### TASK INPUT

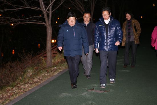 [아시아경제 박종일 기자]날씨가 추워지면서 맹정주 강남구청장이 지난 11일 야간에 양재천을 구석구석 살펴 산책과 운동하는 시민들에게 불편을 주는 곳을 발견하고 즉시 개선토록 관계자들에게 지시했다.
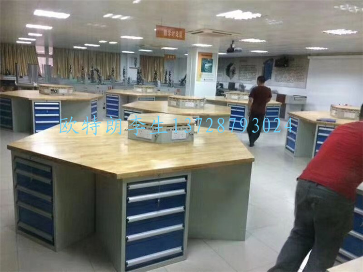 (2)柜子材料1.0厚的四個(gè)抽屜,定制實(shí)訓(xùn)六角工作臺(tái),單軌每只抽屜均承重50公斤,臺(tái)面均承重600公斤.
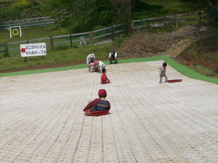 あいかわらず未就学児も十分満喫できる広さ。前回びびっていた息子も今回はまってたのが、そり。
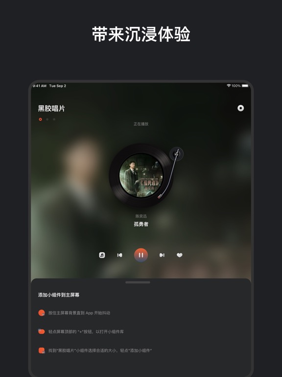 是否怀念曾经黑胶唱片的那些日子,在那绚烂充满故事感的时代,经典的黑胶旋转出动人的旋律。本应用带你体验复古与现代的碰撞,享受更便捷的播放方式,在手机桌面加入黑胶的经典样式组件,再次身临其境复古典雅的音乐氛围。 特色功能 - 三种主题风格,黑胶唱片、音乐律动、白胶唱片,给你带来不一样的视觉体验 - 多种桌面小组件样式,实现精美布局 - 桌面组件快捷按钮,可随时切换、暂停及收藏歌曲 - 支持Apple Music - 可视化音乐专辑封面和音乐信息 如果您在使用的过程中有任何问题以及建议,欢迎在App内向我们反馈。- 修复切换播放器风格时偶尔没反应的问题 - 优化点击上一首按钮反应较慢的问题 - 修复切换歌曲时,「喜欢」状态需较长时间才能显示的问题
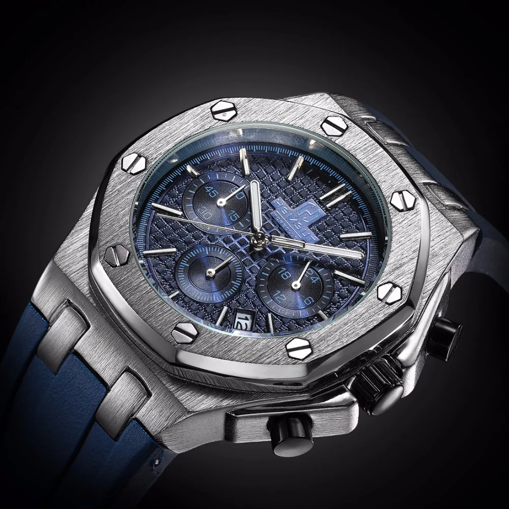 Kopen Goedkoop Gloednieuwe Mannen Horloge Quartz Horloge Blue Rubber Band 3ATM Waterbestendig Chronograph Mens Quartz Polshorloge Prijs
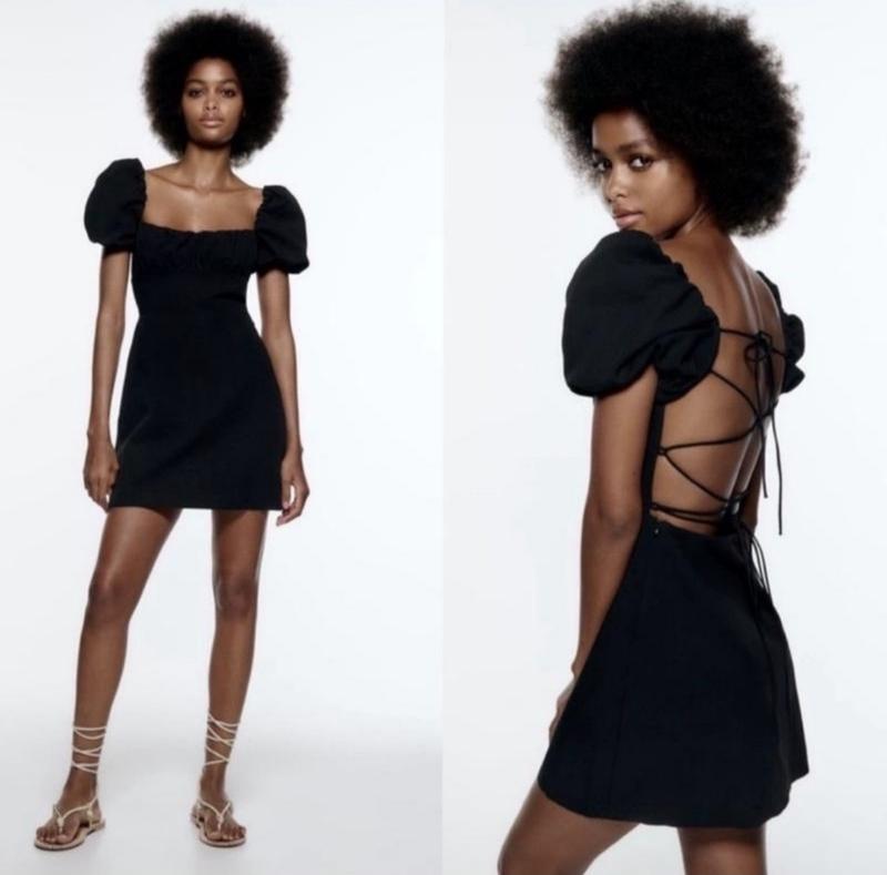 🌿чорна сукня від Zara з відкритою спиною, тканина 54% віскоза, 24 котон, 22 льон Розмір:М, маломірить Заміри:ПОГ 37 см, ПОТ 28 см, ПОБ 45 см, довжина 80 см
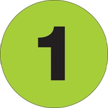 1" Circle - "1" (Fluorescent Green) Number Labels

######

### [TASK ITEM]
Print the material above once more, exactly, minus the pictures.

### [SOLVED PROBLEM]
 [아시아경제 박종일 기자]날씨가 추워지면서 맹정주 강남구청장이 지난 11일 야간에 양재천을 구석구석 살펴 산책과 운동하는 시민들에게 불편을 주는 곳을 발견하고 즉시 개선토록 관계자들에게 지시했다.
 (2)柜子材料1.0厚的四個(gè)抽屜,定制實(shí)訓(xùn)六角工作臺(tái),單軌每只抽屜均承重50公斤,臺(tái)面均承重600公斤.
 あいかわらず未就学児も十分満喫できる広さ。前回びびっていた息子も今回はまってたのが、そり。
 是否怀念曾经黑胶唱片的那些日子,在那绚烂充满故事感的时代,经典的黑胶旋转出动人的旋律。本应用带你体验复古与现代的碰撞,享受更便捷的播放方式,在手机桌面加入黑胶的经典样式组件,再次身临其境复古典雅的音乐氛围。 特色功能 - 三种主题风格,黑胶唱片、音乐律动、白胶唱片,给你带来不一样的视觉体验 - 多种桌面小组件样式,实现精美布局 - 桌面组件快捷按钮,可随时切换、暂停及收藏歌曲 - 支持Apple Music - 可视化音乐专辑封面和音乐信息 如果您在使用的过程中有任何问题以及建议,欢迎在App内向我们反馈。- 修复切换播放器风格时偶尔没反应的问题 - 优化点击上一首按钮反应较慢的问题 - 修复切换歌曲时,「喜欢」状态需较长时间才能显示的问题
 Kopen Goedkoop Gloednieuwe Mannen Horloge Quartz Horloge Blue Rubber Band 3ATM Waterbestendig Chronograph Mens Quartz Polshorloge Prijs
 🌿чорна сукня від Zara з відкритою спиною, тканина 54% віскоза, 24 котон, 22 льон Розмір:М, маломірить Заміри:ПОГ 37 см, ПОТ 28 см, ПОБ 45 см, довжина 80 см
 1" Circle - "1" (Fluorescent Green) Number Labels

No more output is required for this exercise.